Does anyone on the board that makes and sells them? My fishing partner made ours and he passed away last year, so I'm looking.


----------



## Elturbobug (Sep 9, 2012)

There is a guy on EBAY that sells a range of spider weights with stainless legs.
I started using these when BeakAway quite making there old style surf weights and went to the plastic cap style.
The problem with the stainless legs is as described above....they are so stiff that you fight it and the fish back in. I normally through a 2oz version so the fight is minimal. The 5oz and up can be a problem with the 20lb test mono that I personally use.

Rob


----------



## PBD539 (May 4, 2010)

3/32 tig wire or the copper wire from Romex cable (house wiring) works well.


----------



## Mustad7731 (May 23, 2004)

*Beginner Spider Wt Mold*

I have not done this, but there are some people that have used Bank Sinker molds...
I think they are using molds that allow you to pour the lead into the eye end; and 
they drill a hole big enough for the 4 wires to protrude from the bottom end of the
mold...
I have a mold "C.PALMER" made in WEST NEWTON PA.-- "SINKER MOLD 105" That 
would allow you to drill a hole (about 3/16") in the bottom of the 2 & 4 oz sizes.
cut some 6" pieces of single strand copper wire 12 or 14 ga for the 4 oz and 
16 or 18 ga for the 2 oz or equiviant stainless steel. Bend them in half-put an inch
of the bent pieces in the mold and pour your sinker...You may want to make some
kind of kink or something in the bent part of the wire to make it hold inside of the
lead better...
I know that this involves some tools, but you need to get yourself some tools, so
you can make other things that will help you in fishing and in life...
Good Luck,
Mustad7731
Jack


----------



## waltmeda (Jul 9, 2013)

From past experience I highly recommend that you don't use something too strong for the legs. For awhile I used the light gauge metal, coated, coat hangers. Just trying to get those in after you cast them out is a chore. The legs dig into the sand and stay there. When there is no give on the legs it will feel like you are reeling in a monster ray. It is a huge pain. After I made about 20 of those weights, I had to melt them down and remake them with #10 wire.


----------



## sharkchum (Feb 10, 2012)

These are the one's I make. They hold great,cast great, and they don't break. It expensive to get started, but it pays for it's self the first year. The Lee production pot was around $130.00 and the Do-it molds are between $30.00 and $60.00 each. I have spider weight molds for 2oz, 3oz, 4oz, 5 1/2oz, 8oz, 9oz, and 10oz. I use 1/16" 316 series stainlees heli arch wire for the legs.


----------



## spicyitalian (Jan 18, 2012)

I use copper wire. I've tried both 14 and 12 gauge, the 12 is too stiff for my rigs with about 4 oz lead. 14 works great and lasts white a while. If you are going 6-8 oz weights, 12 gauge might work better.
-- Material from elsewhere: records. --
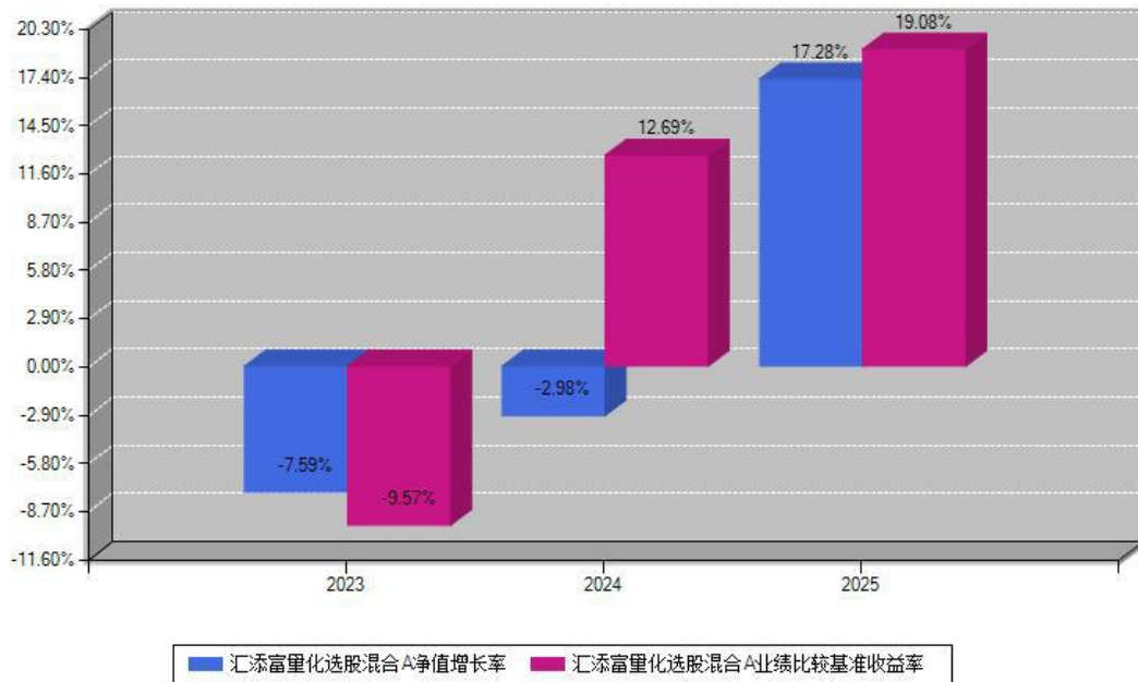
汇添富量化选股混合A每年净值增长率与同期业绩基准收益率对比图

注：数据截止日期为2025年12月31日，基金的过往业绩不代表未来表现。本《基金合同》生效之日为2023年06月06日，合同生效当年按实际存续期计算，不按整个自然年度进行折算。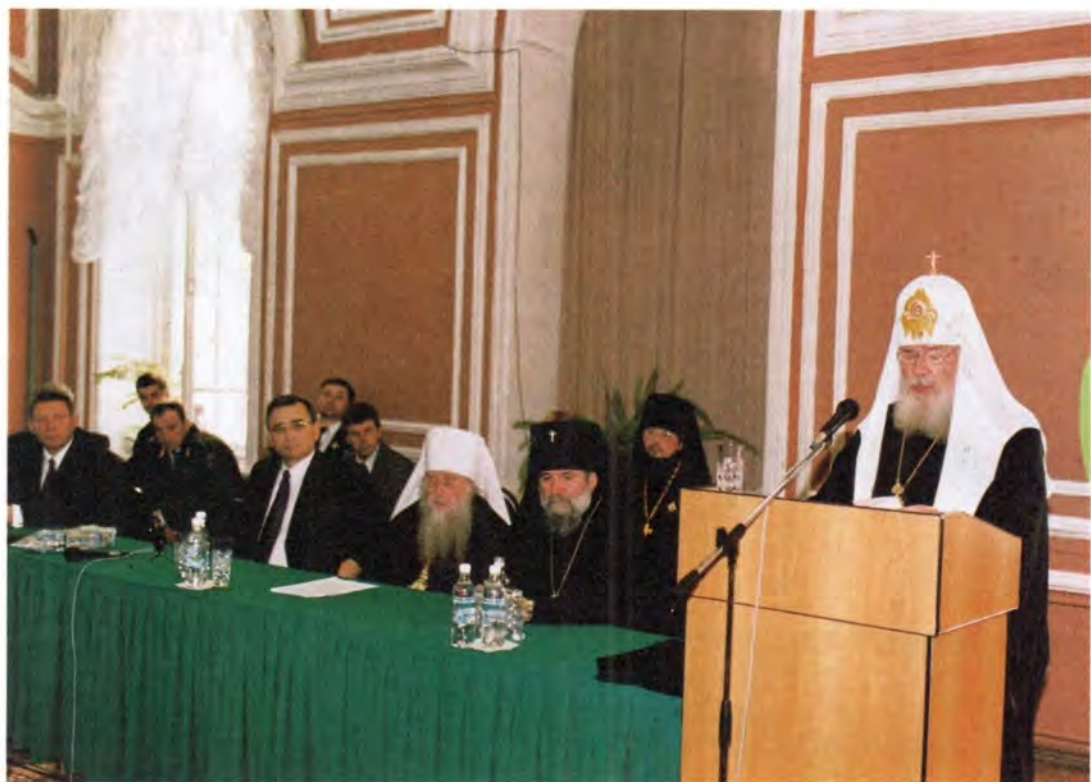
Выступление Святейшего Патриарха Алексия в Рязанском педагогическом университете

всем миром – на него не было затрачено ни копейки бюджетных денег. Святейший Владыка осмотрел новостроенный храм и отметил, что он так же, как домовый храм Московского государственного университета, посвящен мученице Татиане, которая считается покровительницей студенчества.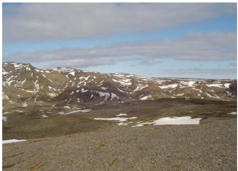
Horft til norðurs yfir fyrirhugað borsvæði á Stóra-Skarðsmýrarfjalli

Eftir rækilega athugun á heimildum og á vettvangi hefur komið í ljós að engar minjar er að finna á Stóra-Skarðsmýrarfjalli. Þar er að mestu uppblásinn melur, ísaldargrús að sunnan, en stórgrýttara að norðanverðu. Fjallið er að mestu gróðursnautt, einungis þunnir mosaflákar á stöku stað, einkum þó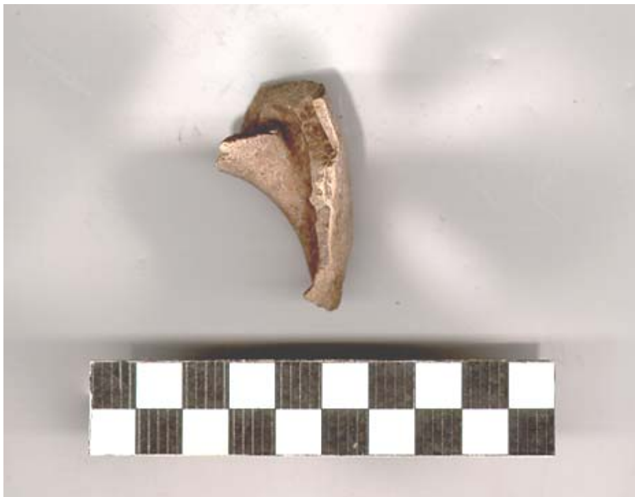
Figura 88.- Fragmento de caracol recuperado en la Operación 2 del Grupo Norte.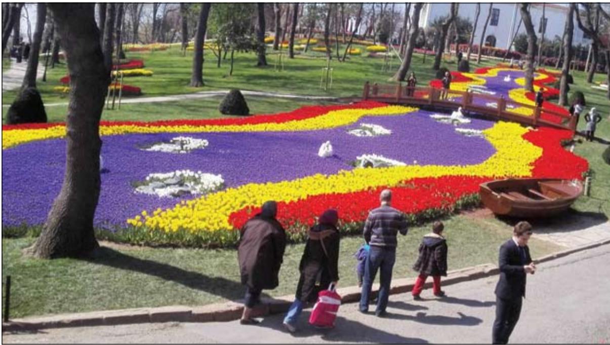
لوحة من زهور التيووليب بألوان ساحرة في وسط حديقة إمبرغان

للتيووليب، الذي أطلق في عام 2005 لأول مرة تحت شعار «إسطنبول تلتقي التيووليب»، بواسطة بلدية إسطنبول منوربوليتان، وإدارة المتنزهات وحدائق، حيث استضافت حديقة «إمبرغان» وحديقة «جوزتني 60 عاما» المهرجان الذي اشتمل على العديد من الفعاليات. وازدهرت أزهار التيووليب في حدائق وميادين متنزهات إسطنبول في إطار المهرجان. تمت زراعة ملايين زهور التيووليب في حدائق إسطنبول في إطار المهرجان، حيث احتضنت حديقة «إمبرغان» 2,800,000 زهرة تيووليب من نوعا مختلفا، بينما ضمت حديقة «جوزتني 60 عاما» 1,187,000 زهرة تيووليب من 161 نوعا. في حين أنبعت في حديقة «جولهانة» 1,379,000 زهرة تيووليب من 86 نوعا مختلفا. أما حديقة «يلدن» فازدانت بنحو 730,000 ألف زهرة تيووليب من 32 نوعا.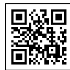
大会ホームページ

専用の郵便振替用紙（コピー不可）に必要事項を記入し、参加料を添えてゆうちょ銀行または郵便局窓口でお申し込みください。ただし、振込手数料がかかります。また、確認用に「振替払込請求書兼受領証」または「ご利用明細票」を大会当日まで保存してください。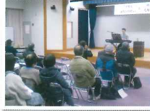
住民のつどい「人権セミナー」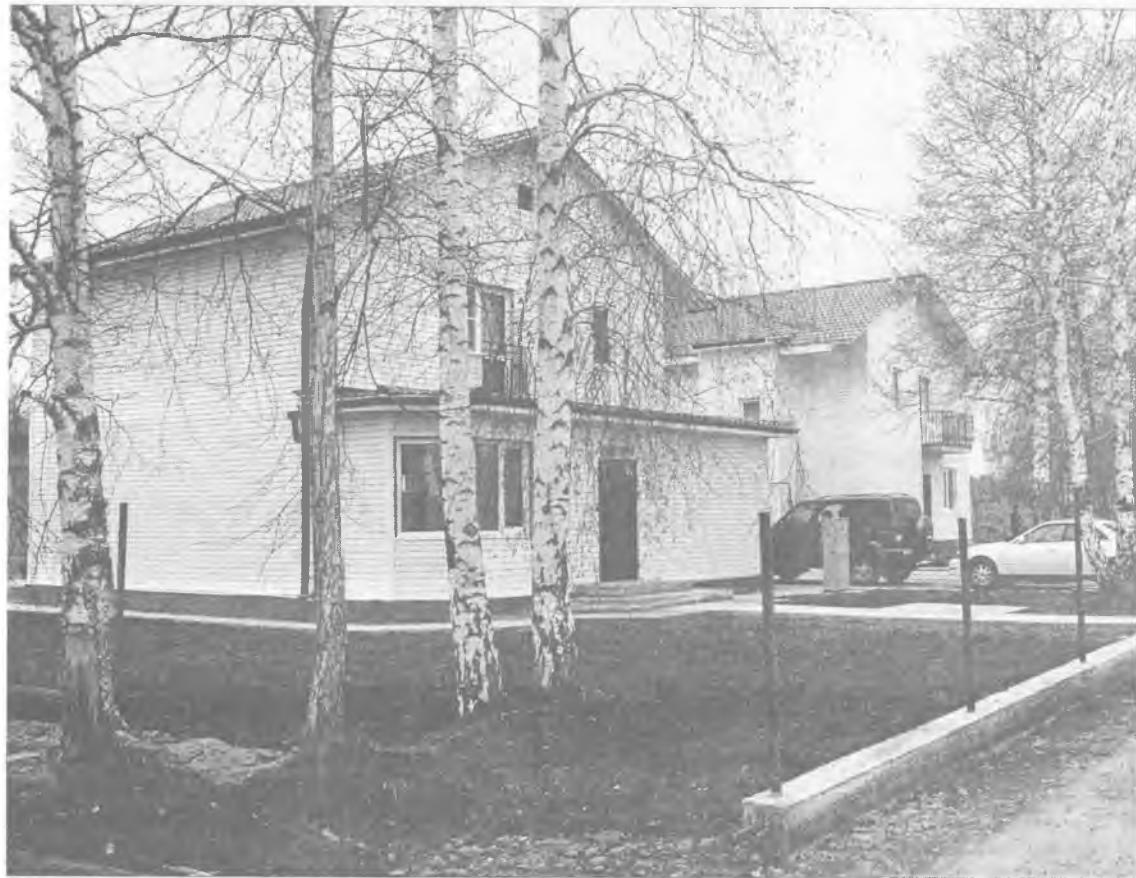
«Молодежные домики» еще в проекте, но деньги на подведение к ним коммуникаций в бюджете уже заложены, так что скоро молодые ангарчане смогут приобрести жилье по цене не более 20 тысяч рублей за квадратный метр

Also FWIW, I normally use a small cast iron skillet on the side burner of my grill. If it's not too windy, that will be enough heat to get things melted.


----------



## V-Bottom (Jun 16, 2007)

cut half inch aluminum conduit into certain lengths to make various amts of weight. Insert your wire to size and shape....place in sand and fill with lead...affective...


----------



## ronnie collins (May 21, 2004)

melt your lead outside in well ventilated area. also where you fish will dictate how strong of leg too use. east to west means, mud to sand. smaller wire works best in the mud say at McFaddin-High Island, where stronger wire works around say PINS.


----------



## I Fall In (Sep 18, 2011)

V-Bottom said:


> cut half inch aluminum conduit into certain lengths to make various amts of weight. Insert your wire to size and shape....place in sand and fill with lead...affective...


This.
You can melt lead in a pot on a coleman stove.
I drill 4 holes in the pipe and run the wire through from one side to the other. Bend the wire inside the pipe to prevent it from spinning.


----------



## waltmeda (Jul 9, 2013)

These are the ones I make. They are not perfect but they work really well.


----------



## SaltwaterTom (Jun 23, 2013)

You don't need to invest big money in a melter and molds. Use 1 inch PVC pipe for heavy (6-16 ounce) weights, and 1 inch PVC end caps for smaller weights. The lead makes the PVC soft but does not melt through it, and once cooled it works great. Burr out 1 inch holes in a 2X4 to seat the PVC in. Melt lead in an old small cast iron skillet on a Coleman stove, the skillets usually have a lip on one side to facilitate pouring.


----------



## egonza013 (Apr 21, 2013)

good info! thanks for everyones feedback, when i get around to making some ill post the results


----------